Exercise: Below are some records. Return exactly the lines from the one with "Blusa de lino" to the one with "For 48 hours", and nothing else.

++++ Source records

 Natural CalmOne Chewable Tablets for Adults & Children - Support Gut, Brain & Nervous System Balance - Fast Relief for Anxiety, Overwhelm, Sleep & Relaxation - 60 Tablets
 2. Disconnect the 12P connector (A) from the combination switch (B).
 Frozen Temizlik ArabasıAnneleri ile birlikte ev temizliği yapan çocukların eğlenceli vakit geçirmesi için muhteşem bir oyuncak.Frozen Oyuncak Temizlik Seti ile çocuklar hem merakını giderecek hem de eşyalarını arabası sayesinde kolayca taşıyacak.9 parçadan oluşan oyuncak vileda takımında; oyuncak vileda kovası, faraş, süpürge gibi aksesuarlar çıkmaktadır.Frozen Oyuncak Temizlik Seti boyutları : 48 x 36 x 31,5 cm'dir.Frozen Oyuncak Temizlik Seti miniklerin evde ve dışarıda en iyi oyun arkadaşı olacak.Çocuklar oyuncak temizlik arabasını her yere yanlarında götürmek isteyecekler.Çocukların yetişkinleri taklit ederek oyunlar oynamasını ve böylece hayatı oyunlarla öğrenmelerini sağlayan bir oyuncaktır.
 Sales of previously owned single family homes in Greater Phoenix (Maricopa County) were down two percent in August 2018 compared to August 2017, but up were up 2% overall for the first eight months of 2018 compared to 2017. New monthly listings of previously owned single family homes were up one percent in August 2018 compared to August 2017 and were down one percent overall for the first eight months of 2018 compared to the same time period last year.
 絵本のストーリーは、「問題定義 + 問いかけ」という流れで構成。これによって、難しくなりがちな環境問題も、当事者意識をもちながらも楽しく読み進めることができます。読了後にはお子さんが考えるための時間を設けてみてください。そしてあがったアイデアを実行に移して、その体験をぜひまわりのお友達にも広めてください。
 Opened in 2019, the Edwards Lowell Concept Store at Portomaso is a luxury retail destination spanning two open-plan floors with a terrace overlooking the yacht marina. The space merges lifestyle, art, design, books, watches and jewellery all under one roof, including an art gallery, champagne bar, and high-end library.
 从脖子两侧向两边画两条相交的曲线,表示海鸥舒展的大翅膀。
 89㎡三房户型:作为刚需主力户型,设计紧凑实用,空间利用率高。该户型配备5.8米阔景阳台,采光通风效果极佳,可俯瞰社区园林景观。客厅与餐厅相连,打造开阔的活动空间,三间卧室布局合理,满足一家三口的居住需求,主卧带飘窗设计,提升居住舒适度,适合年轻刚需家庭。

++++++++
++++ Source records

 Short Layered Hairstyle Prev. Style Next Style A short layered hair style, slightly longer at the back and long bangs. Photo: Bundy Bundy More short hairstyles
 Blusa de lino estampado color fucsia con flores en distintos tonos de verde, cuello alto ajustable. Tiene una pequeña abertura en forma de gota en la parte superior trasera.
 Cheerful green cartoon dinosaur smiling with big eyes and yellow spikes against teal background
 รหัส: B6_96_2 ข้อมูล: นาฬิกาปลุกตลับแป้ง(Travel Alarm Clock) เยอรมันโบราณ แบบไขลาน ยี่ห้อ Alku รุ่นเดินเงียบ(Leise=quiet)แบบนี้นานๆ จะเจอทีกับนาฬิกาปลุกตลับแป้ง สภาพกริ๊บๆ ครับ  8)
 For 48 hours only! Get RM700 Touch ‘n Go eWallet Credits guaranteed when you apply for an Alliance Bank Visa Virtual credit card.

++++++++
++++ Source records

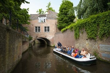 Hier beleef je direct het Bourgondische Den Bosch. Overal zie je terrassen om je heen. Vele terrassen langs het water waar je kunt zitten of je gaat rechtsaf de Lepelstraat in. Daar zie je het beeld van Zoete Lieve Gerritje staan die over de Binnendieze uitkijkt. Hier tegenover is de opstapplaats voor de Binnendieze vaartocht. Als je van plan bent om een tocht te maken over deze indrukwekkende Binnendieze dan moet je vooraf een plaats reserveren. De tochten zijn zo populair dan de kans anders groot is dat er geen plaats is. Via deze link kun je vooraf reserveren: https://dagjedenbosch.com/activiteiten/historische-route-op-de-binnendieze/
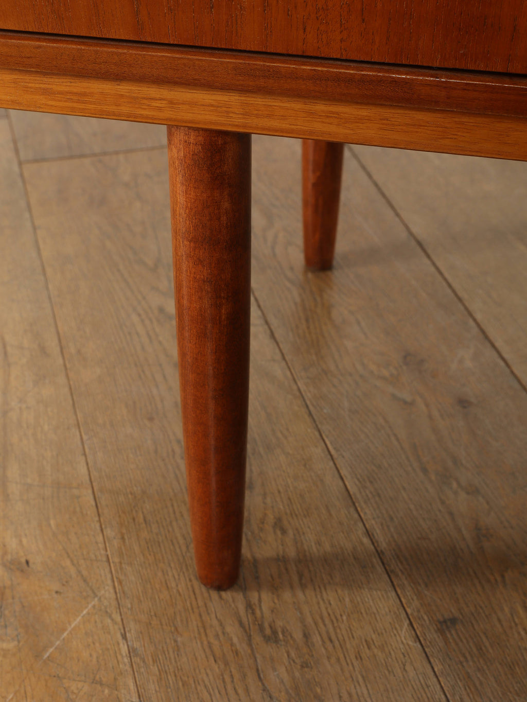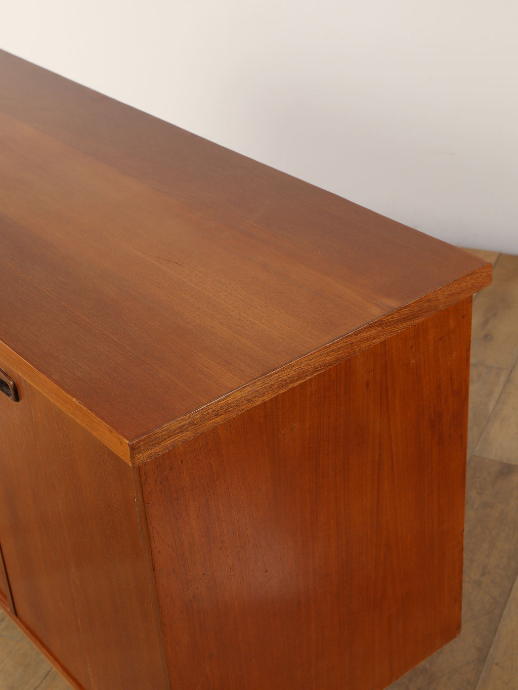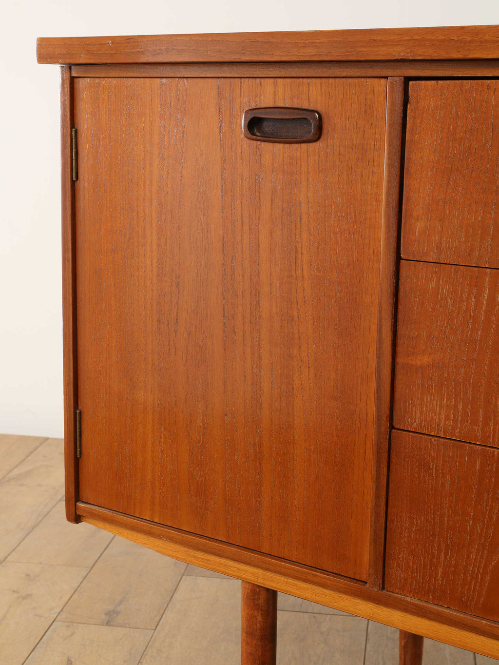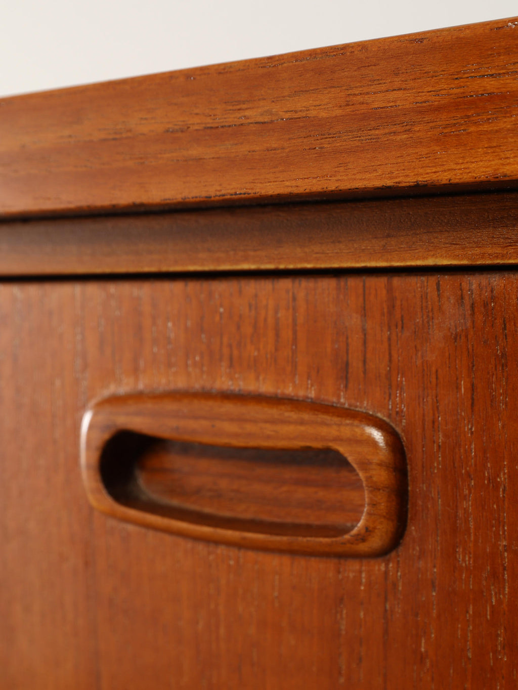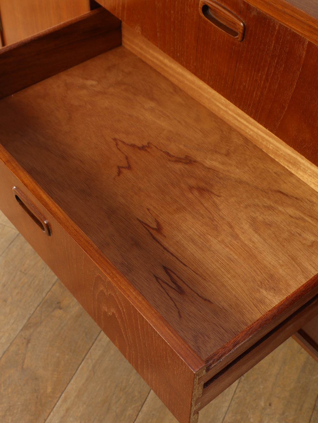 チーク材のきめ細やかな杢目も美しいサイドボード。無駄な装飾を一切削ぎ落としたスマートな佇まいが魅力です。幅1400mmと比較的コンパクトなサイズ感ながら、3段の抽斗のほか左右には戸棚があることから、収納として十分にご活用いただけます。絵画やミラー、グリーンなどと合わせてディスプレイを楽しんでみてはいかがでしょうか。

++++++++

Answer area:
 Blusa de lino estampado color fucsia con flores en distintos tonos de verde, cuello alto ajustable. Tiene una pequeña abertura en forma de gota en la parte superior trasera.
 Cheerful green cartoon dinosaur smiling with big eyes and yellow spikes against teal background
 รหัส: B6_96_2 ข้อมูล: นาฬิกาปลุกตลับแป้ง(Travel Alarm Clock) เยอรมันโบราณ แบบไขลาน ยี่ห้อ Alku รุ่นเดินเงียบ(Leise=quiet)แบบนี้นานๆ จะเจอทีกับนาฬิกาปลุกตลับแป้ง สภาพกริ๊บๆ ครับ  8)
 For 48 hours only! Get RM700 Touch ‘n Go eWallet Credits guaranteed when you apply for an Alliance Bank Visa Virtual credit card.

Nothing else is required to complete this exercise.